▶ Problem to solve
Pictures should be left out while the data beneath this task is written out word for word.

### Information shown ###

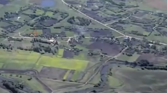 A little more than a minute later, what appears to be a dud or a spent dispenser landing in the general vicinity can be seen at the 3:50 mark.
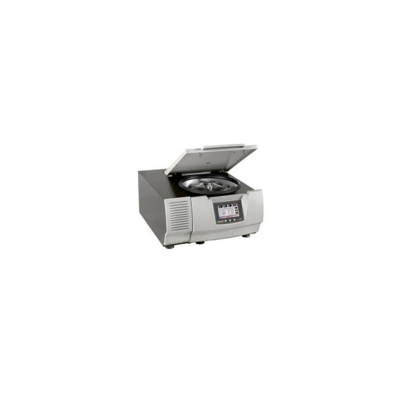 CARACTERISTICAS Tecnicas: - Pantalla TFT táctil para fácil lectura y selección de valores: R.P.M.F.C.R., en pasos de 100 R.P.M. y 10 xg, tiempo y aceleración frenado en pasos de 1 segundo. - Gráfico indicador de funcionamiento visible desde más de 3 m. - Listado de rotores y adaptadores en memoria. - Valores reales en pantalla de F.C.R. dependiendo de los adaptadores. - Reloj con cuenta atráscreciente desde 0 o desde “set R.P.M.F.C.R.” que permite resultados reproducibles. - Tecla de centrifugado rápido, con velocidad regulable. - Control de aceleración y frenado progresivo hasta 175 rampas. - Reconocimiento automático del rotor. - Cierre de tapa motorizado. - Controlada por microprocesador. - Apertura de tapa automática programable solo no refrigeradas. - Opción de bloqueomodificación de R.P.M.F.C.R. en funcionamiento. ESPECIFICACIONES : - Motor de inducción libre de mantenimiento. - Gran capacidad: Máx. Volumen 4 x 750 ml. - Alta velocidad, hasta 20.804 xg.14.300 R.P.M. - Silenciosa: nivel de ruido inferior a 60 dB. - 15 memorias + programa pre-enfriamiento. Seguridad: - Bloqueo de tapa y protección frente apertura en funcionamiento. - Apertura manual de emergencia - Protección ante caída de tapa. - Parada por desequilibrio. - Cámara de centrifugación en acero inoxidable. - Visor en la tapa para calibración y comprobación del funcionamiento. - Continuo chequeo del estado del equipo mostrado al usuario mediante mensajes en pantalla. - Aro de seguridad protector entre la cámara de centrifugación y el exterior del equipo. Refrigeración: - Programa de pre-enfriamiento con rotor girando y temperatura regulable por el usuario. - 4°C a Máx velocidad como mÍnimo. - Regulación de la temperatura de -20°C a 40°C - Programable en grados Celsius o Fahrenheit. - Sensor temperatura en interior cámara, gas R 404A HFC - Dimensiones : 720A*805L*390H - Peso neto : 95Kg - Voltaje : 220V50Hz - Consumo : 1500W Normas y directivas comunitarias: Directivas comunitarias: 9879EC, 200695EC, 2004108EC, 201165EU, 201219EU. Normas: EN 61010-1, EN 61010-2-020, EN 61326-1.
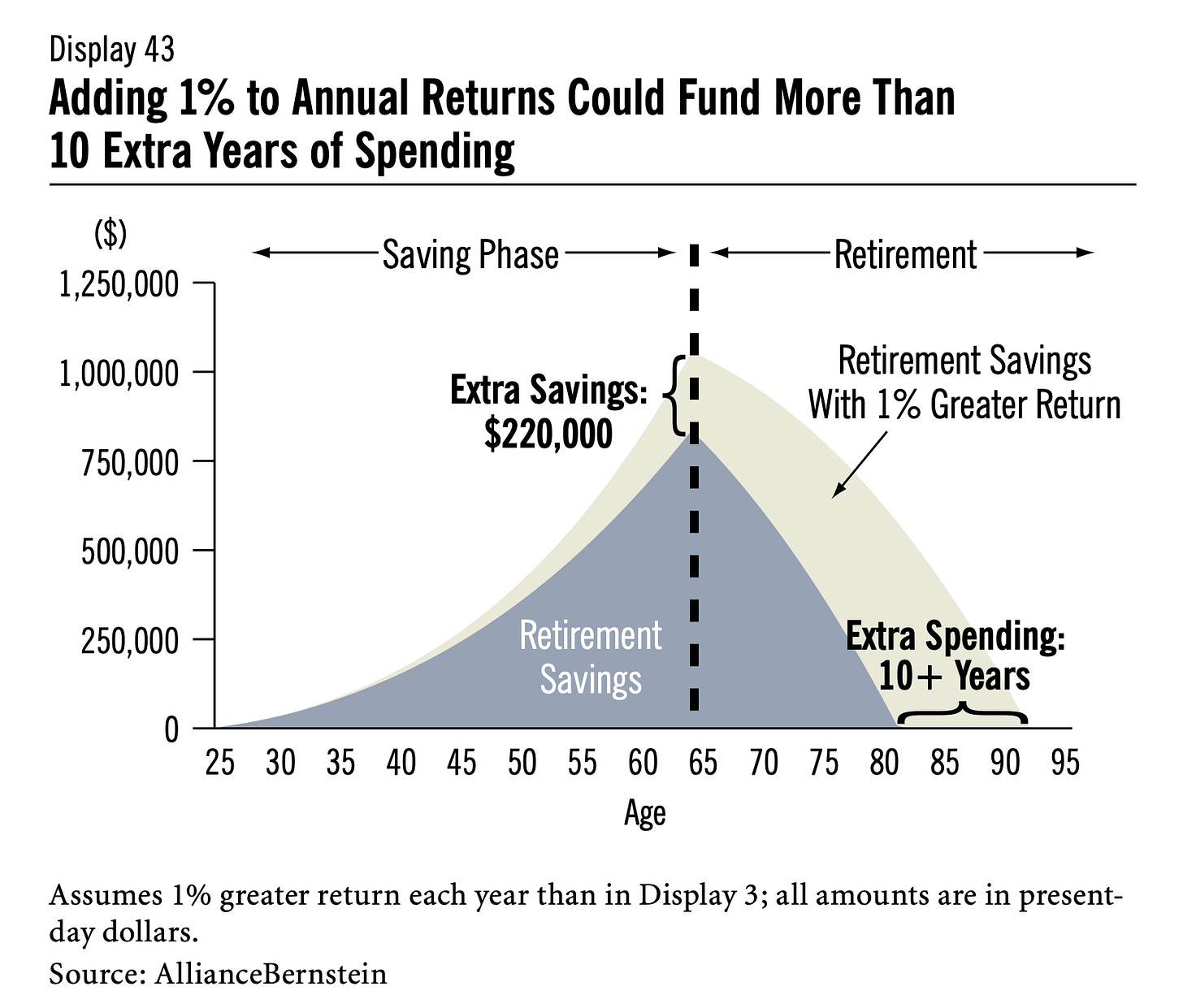 AB finds in their analysis that, “[w]hen the investment horizon is very long, small differences in return can make a huge difference: Adding one percentage point to annual returns could provide over 10 more years of spending. Thus, target-date retirement funds should seek extra return wherever possible.”

###

▶ Output below
 A little more than a minute later, what appears to be a dud or a spent dispenser landing in the general vicinity can be seen at the 3:50 mark.
 CARACTERISTICAS Tecnicas: - Pantalla TFT táctil para fácil lectura y selección de valores: R.P.M.F.C.R., en pasos de 100 R.P.M. y 10 xg, tiempo y aceleración frenado en pasos de 1 segundo. - Gráfico indicador de funcionamiento visible desde más de 3 m. - Listado de rotores y adaptadores en memoria. - Valores reales en pantalla de F.C.R. dependiendo de los adaptadores. - Reloj con cuenta atráscreciente desde 0 o desde “set R.P.M.F.C.R.” que permite resultados reproducibles. - Tecla de centrifugado rápido, con velocidad regulable. - Control de aceleración y frenado progresivo hasta 175 rampas. - Reconocimiento automático del rotor. - Cierre de tapa motorizado. - Controlada por microprocesador. - Apertura de tapa automática programable solo no refrigeradas. - Opción de bloqueomodificación de R.P.M.F.C.R. en funcionamiento. ESPECIFICACIONES : - Motor de inducción libre de mantenimiento. - Gran capacidad: Máx. Volumen 4 x 750 ml. - Alta velocidad, hasta 20.804 xg.14.300 R.P.M. - Silenciosa: nivel de ruido inferior a 60 dB. - 15 memorias + programa pre-enfriamiento. Seguridad: - Bloqueo de tapa y protección frente apertura en funcionamiento. - Apertura manual de emergencia - Protección ante caída de tapa. - Parada por desequilibrio. - Cámara de centrifugación en acero inoxidable. - Visor en la tapa para calibración y comprobación del funcionamiento. - Continuo chequeo del estado del equipo mostrado al usuario mediante mensajes en pantalla. - Aro de seguridad protector entre la cámara de centrifugación y el exterior del equipo. Refrigeración: - Programa de pre-enfriamiento con rotor girando y temperatura regulable por el usuario. - 4°C a Máx velocidad como mÍnimo. - Regulación de la temperatura de -20°C a 40°C - Programable en grados Celsius o Fahrenheit. - Sensor temperatura en interior cámara, gas R 404A HFC - Dimensiones : 720A*805L*390H - Peso neto : 95Kg - Voltaje : 220V50Hz - Consumo : 1500W Normas y directivas comunitarias: Directivas comunitarias: 9879EC, 200695EC, 2004108EC, 201165EU, 201219EU. Normas: EN 61010-1, EN 61010-2-020, EN 61326-1.
 AB finds in their analysis that, “[w]hen the investment horizon is very long, small differences in return can make a huge difference: Adding one percentage point to annual returns could provide over 10 more years of spending. Thus, target-date retirement funds should seek extra return wherever possible.”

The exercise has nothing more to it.